=== Material for this exercise ===

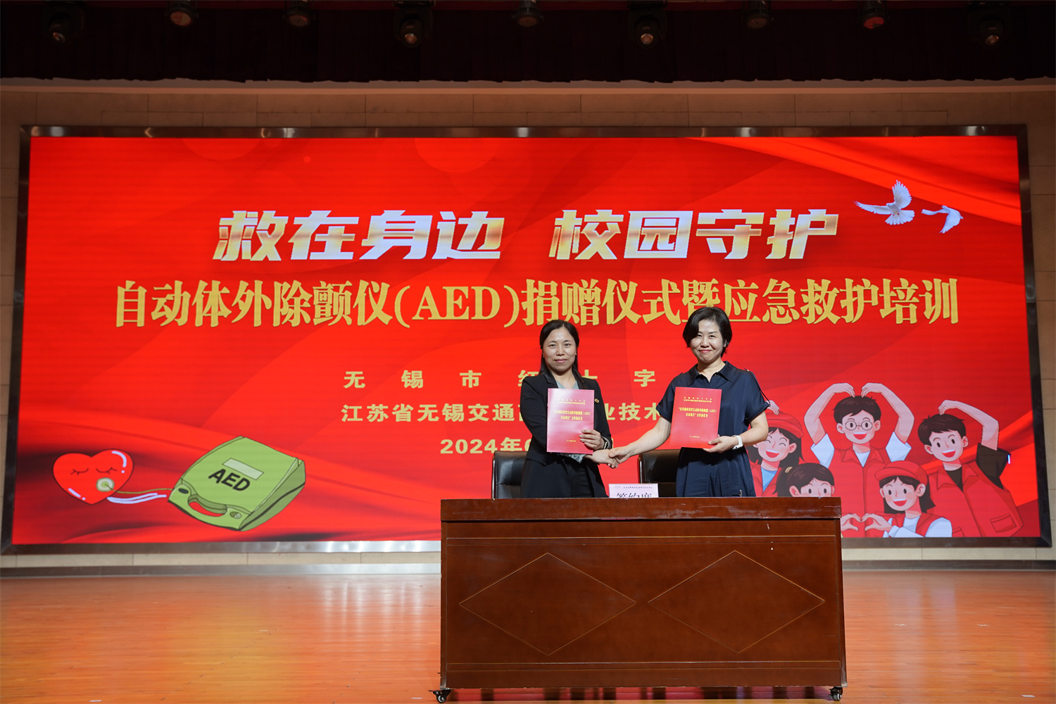 6月12日下午,“救在身边,校园守护”自动体外除颤仪(AED)捐赠仪式暨应急救护培训在学校大礼堂举行。无锡市红十字会党组成员、副会长周彬,无锡市红十字会赈济救护部部长宋扬,学校党委书记、校长李进出席活动。仪式由校党委委员、副校长吴雪琴主持。
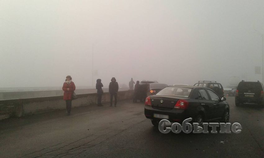 Из-за ДТП проезд по мосту ограничен, здесь образовалась пробка. Полицейские выясняют подробности ДТП, водители в замешательстве, из-за плохой видимости некоторые путаются в показаниях.
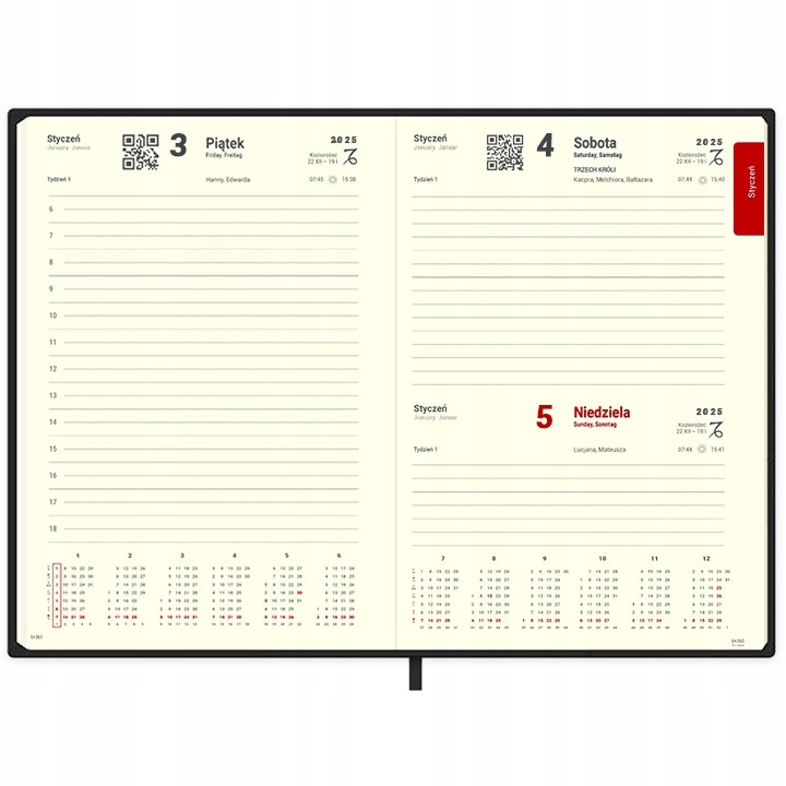 - Календарь: сокращенный Календарь на 3 года , ежедневный календарь (PL, GB, D) с укороченной годовой раскладкой, страница для заметок, именины, праздники, Зодиак, восходы и закаты, фазы Луны , нумерация недель, красочная карта Польши
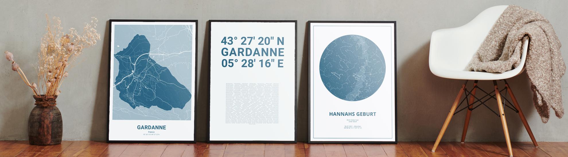 Wähle Farben und Layouts, die perfekt zu dir passen. Ob als klassische Karte in schwarz-weiß oder in modernen Farben. Bei Cartida kannst du ein Design in deinen Lieblingsfarben wählen. Erstelle eine Variante von Gardanne, die perfekt zu dir und deiner Wohnung passt.
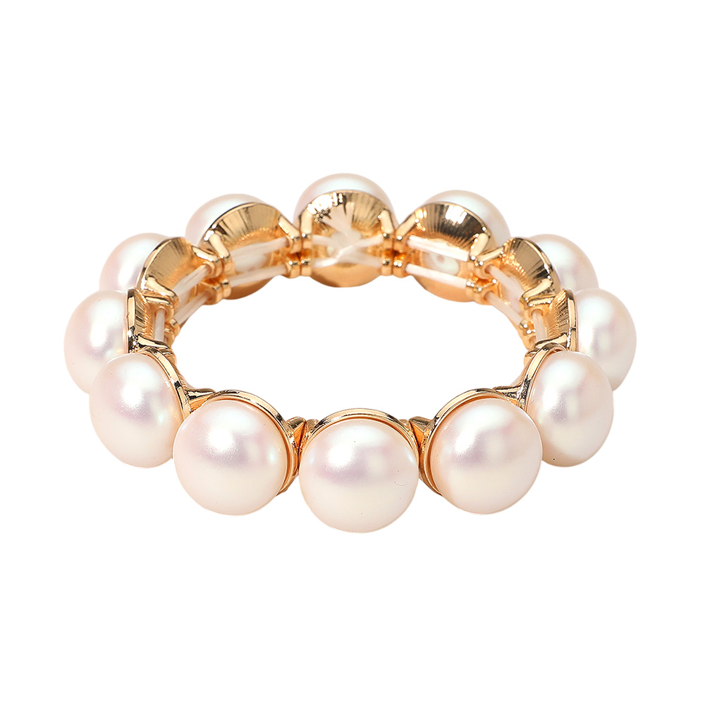 Details • Size : 0.7" H • Stretchable • Add timeless elegance to your accessories with this pearl statement bracelet featuring a classic beaded stretch design. Perfect for weddings, parties, or everyday sophistication, this bracelet enhances any outfit with refined charm and effortless style. • Lead and Nickel Compliant

===

Assignment:
Without any pictures, please reproduce the full set of entries.

Solution below:
 6月12日下午,“救在身边,校园守护”自动体外除颤仪(AED)捐赠仪式暨应急救护培训在学校大礼堂举行。无锡市红十字会党组成员、副会长周彬,无锡市红十字会赈济救护部部长宋扬,学校党委书记、校长李进出席活动。仪式由校党委委员、副校长吴雪琴主持。
 Из-за ДТП проезд по мосту ограничен, здесь образовалась пробка. Полицейские выясняют подробности ДТП, водители в замешательстве, из-за плохой видимости некоторые путаются в показаниях.
 - Календарь: сокращенный Календарь на 3 года , ежедневный календарь (PL, GB, D) с укороченной годовой раскладкой, страница для заметок, именины, праздники, Зодиак, восходы и закаты, фазы Луны , нумерация недель, красочная карта Польши
 Wähle Farben und Layouts, die perfekt zu dir passen. Ob als klassische Karte in schwarz-weiß oder in modernen Farben. Bei Cartida kannst du ein Design in deinen Lieblingsfarben wählen. Erstelle eine Variante von Gardanne, die perfekt zu dir und deiner Wohnung passt.
 Details • Size : 0.7" H • Stretchable • Add timeless elegance to your accessories with this pearl statement bracelet featuring a classic beaded stretch design. Perfect for weddings, parties, or everyday sophistication, this bracelet enhances any outfit with refined charm and effortless style. • Lead and Nickel Compliant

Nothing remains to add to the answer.